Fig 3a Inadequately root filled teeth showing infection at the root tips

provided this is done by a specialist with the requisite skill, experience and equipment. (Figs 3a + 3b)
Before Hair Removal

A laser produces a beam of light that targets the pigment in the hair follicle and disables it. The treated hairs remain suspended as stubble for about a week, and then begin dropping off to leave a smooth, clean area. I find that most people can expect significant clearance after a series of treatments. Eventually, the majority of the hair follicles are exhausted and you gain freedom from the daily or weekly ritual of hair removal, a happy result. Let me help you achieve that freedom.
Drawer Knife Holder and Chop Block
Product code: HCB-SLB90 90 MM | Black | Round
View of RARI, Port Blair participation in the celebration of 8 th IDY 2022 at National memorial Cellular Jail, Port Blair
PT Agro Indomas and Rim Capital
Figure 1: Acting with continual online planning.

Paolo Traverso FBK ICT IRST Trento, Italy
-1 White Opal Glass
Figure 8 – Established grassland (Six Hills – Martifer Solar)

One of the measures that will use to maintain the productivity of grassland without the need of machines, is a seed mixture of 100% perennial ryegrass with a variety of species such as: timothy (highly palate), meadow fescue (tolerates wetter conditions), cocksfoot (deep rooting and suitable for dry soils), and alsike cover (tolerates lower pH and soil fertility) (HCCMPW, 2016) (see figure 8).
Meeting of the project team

==

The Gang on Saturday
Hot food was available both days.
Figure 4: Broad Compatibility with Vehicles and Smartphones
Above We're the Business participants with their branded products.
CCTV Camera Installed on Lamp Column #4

WHAT THE TASK REQUIRES →
Everything from the line with "Product code: HCB-SLB90 90 MM | Black | Round" through the line with "Meeting of the project team" in the listing above must be retyped exactly, with nothing added.

TASK RESULT →
Product code: HCB-SLB90 90 MM | Black | Round
View of RARI, Port Blair participation in the celebration of 8 th IDY 2022 at National memorial Cellular Jail, Port Blair
PT Agro Indomas and Rim Capital
Figure 1: Acting with continual online planning.

Paolo Traverso FBK ICT IRST Trento, Italy
-1 White Opal Glass
Figure 8 – Established grassland (Six Hills – Martifer Solar)

One of the measures that will use to maintain the productivity of grassland without the need of machines, is a seed mixture of 100% perennial ryegrass with a variety of species such as: timothy (highly palate), meadow fescue (tolerates wetter conditions), cocksfoot (deep rooting and suitable for dry soils), and alsike cover (tolerates lower pH and soil fertility) (HCCMPW, 2016) (see figure 8).
Meeting of the project team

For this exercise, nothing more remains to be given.